2. Learning this tutorial for custom analyzers and trying it is quite useful to get started. It is an easy, step-by-step tutorial, and it also has a template for generating an analyzer, fixer and unit test, which saves time. The tutorial has a good explanation and would give you a good understanding of how Roslyn analyzers work.
3. Clone the dotnet/roslyn-analyzers repo, install all required dependencies and build the repo by the instructions.
4. Follow the coding style of the dotnet/roslyn-analyzers repo. Guidelines about new rule id and doc.
5. Open RoslynAnalyzers.sln and open the package where you are creating your analyzer. In our case, it is mostly Microsoft.CodeAnalysis.NetAnalyzers->Microsoft.NetCore.Analyzers. Create your analyzer and/or fixer class in the corresponding folder.
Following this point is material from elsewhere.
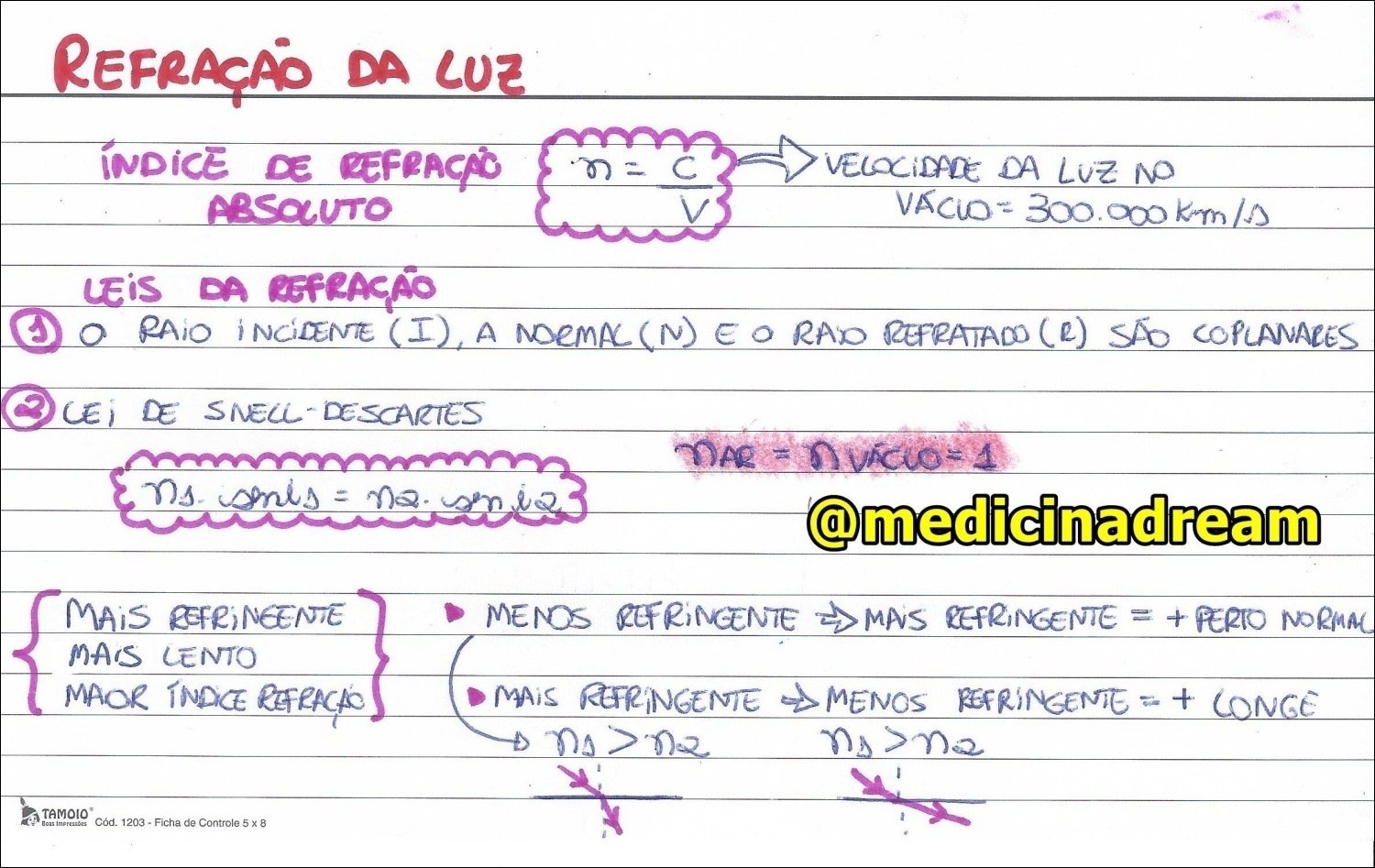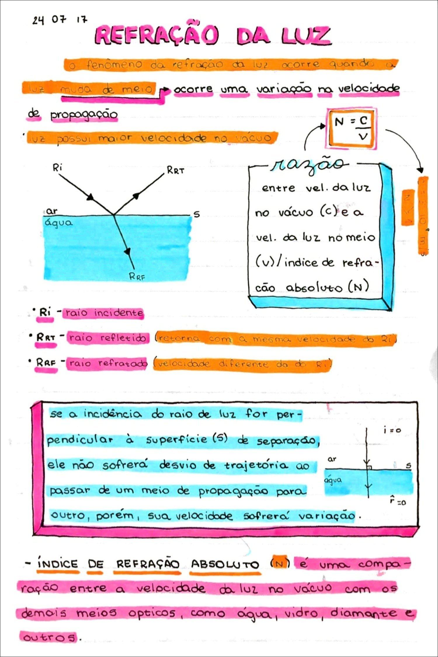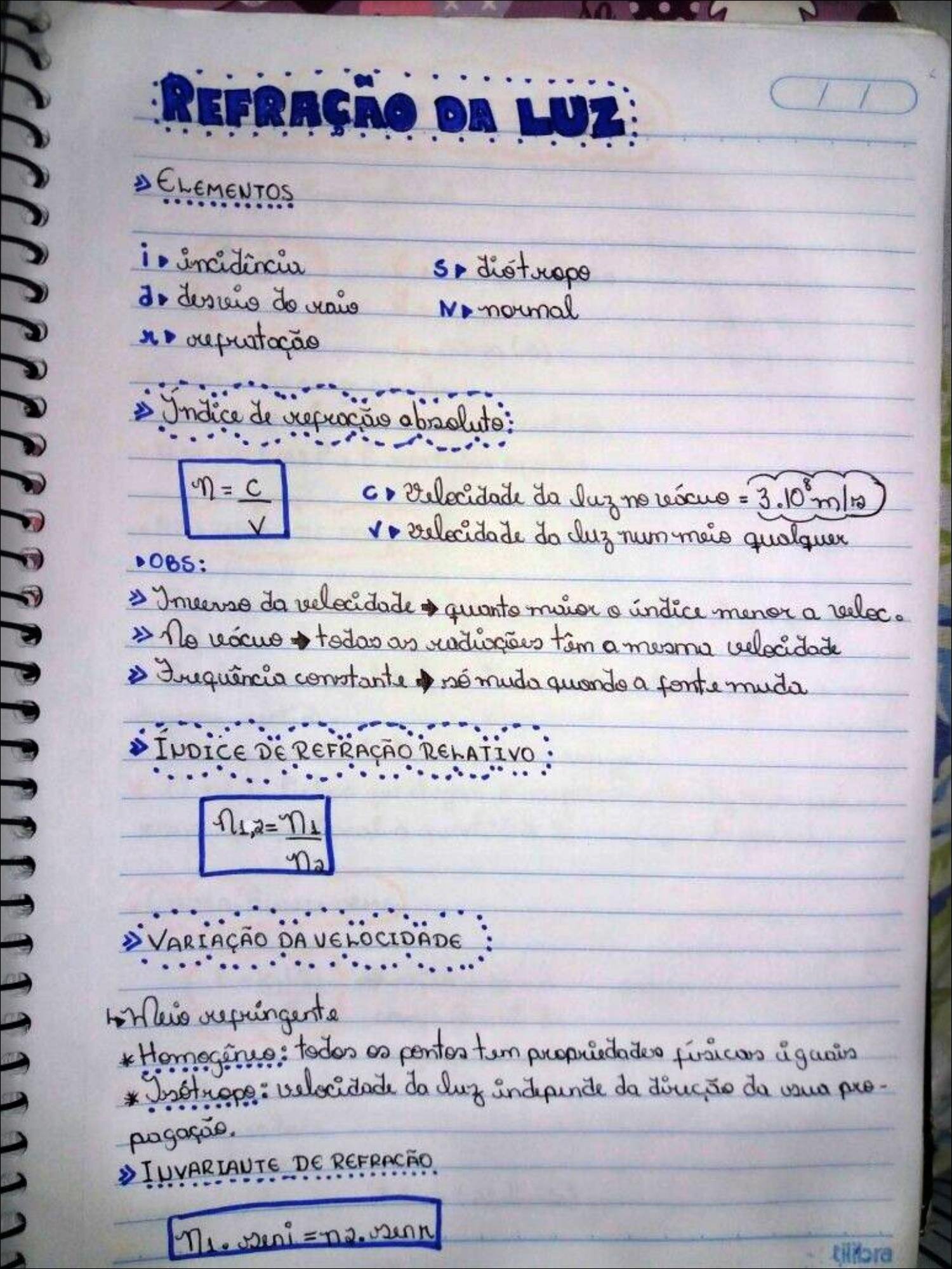Resumo sobre refração da luz

6. Add a message, title and description for your analyzer into MicrosoftNetCoreAnalyzersResources.resx and build the repo before using the analyzer. The language-specific resources will be generated.
7. Make sure you have done everything from the Definition of done list below.

Branch Definitions

Branch	SDK	Description
2.9.x	Does not ship in the .NET SDK	A special branch compatible with Visual Studio 2017 where security analyzers are shipped from.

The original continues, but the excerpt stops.